Krooked Kings embrace the beautiful chaos of romance on “Ugly Love”


Krooked Kings, producer Frankie G was born in Russia, while the rapper Dave specifically calls Salt Lake City home, and the local odd couple Krooked Kings return with this grimy single from their new album, "Ugly Love." This is a track that raises the head and vomits some romance. The band, with its glistening indie-rock veneers and youthful navel-gazing, takes a bold leap forward here. Its heart is in radical honesty rather than neat conclusions.
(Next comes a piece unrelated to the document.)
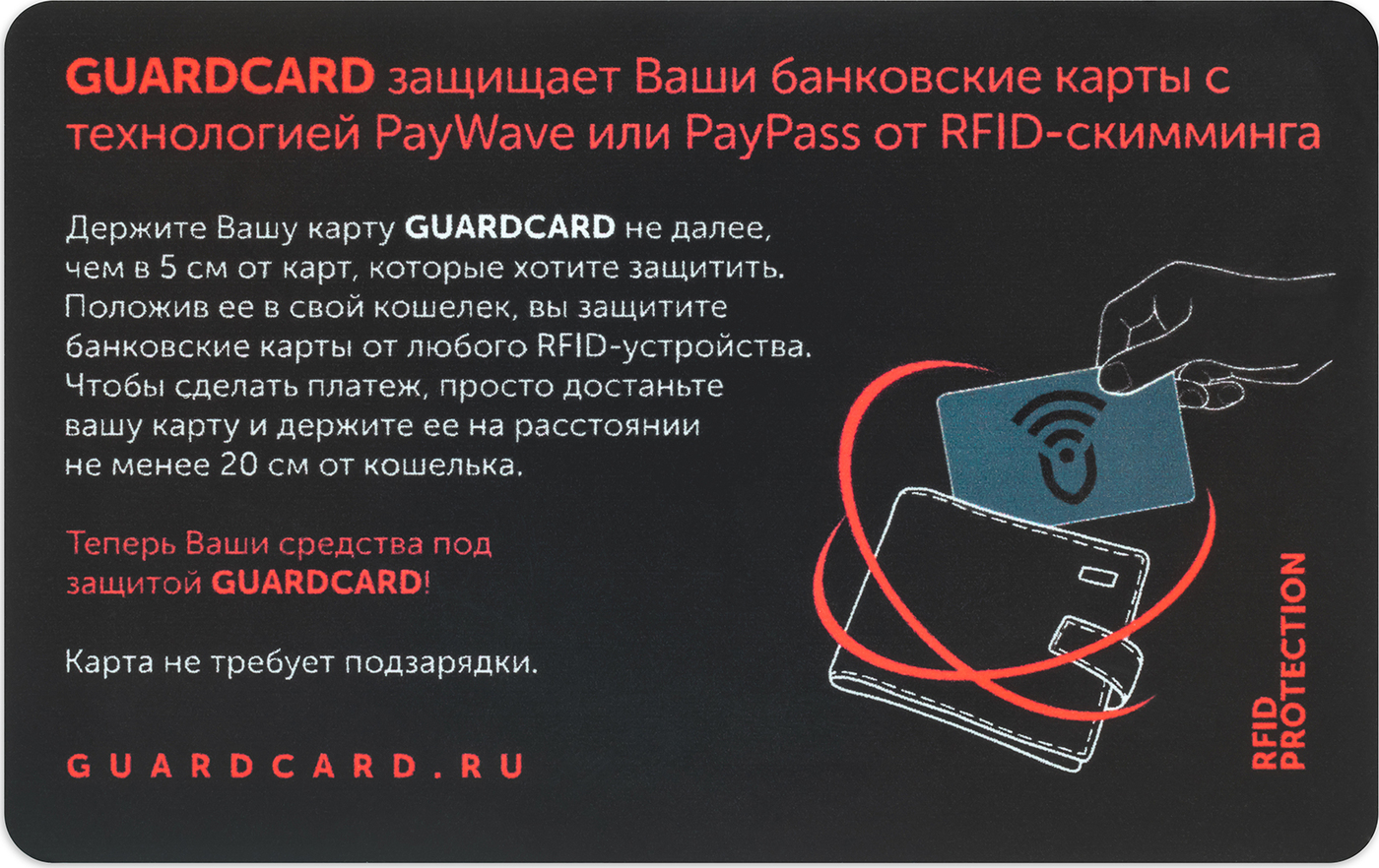Новая, специальная карта позволяет защитить одновременно все банковские карты, расположенные в Вашем портмоне. Она изменяет сигнал идущий от платежной карты и не позволяет мошенникам украсть данные карточки с целью последующего хищения с нее средств. Guar

The band, Oli Martin,  Paul Colgan, David Macey, Matt Monosson, and added drummer Quinn Casper, have gained a reputation for writing songs that are at once intimate and wide. On "Ugly Love," that duality is compounded. There’s a certain unsteadiness as their voices wobble around each other, it’s raw in the best way, and an invitation to thoughts of relationships at their most uncomfortable, misunderstandings, stubborn pride, late-night rumination, and how they might also be tender and beautiful in their ugly ways.


Instead of treating love as a perfect endgame that feels like a movie, "Ugly Love" depicts it as gritty and flawed. There is spirit in the guitars, urgency in the rhythm section, and a vocal from Oli Martin that sounds lived-in and unfiltered. The production lends the track its emotional weight while ensuring it does not slather on too much shine. All the notes are there on purpose, but refreshingly human.


And what makes "Ugly Love" really sing is its relatability. It depicts the common push-pull, longing for connection in the face of openness. Instead, the band opts to eschew sheen for sincerity, letting listeners sit in the discomfort rather than running away.


On "Ugly Love," Krooked Kings show that growth isn’t always shiny. It’s messes like this that are thorny, noisy, and gloriously unresolved, and that’s exactly why it counts.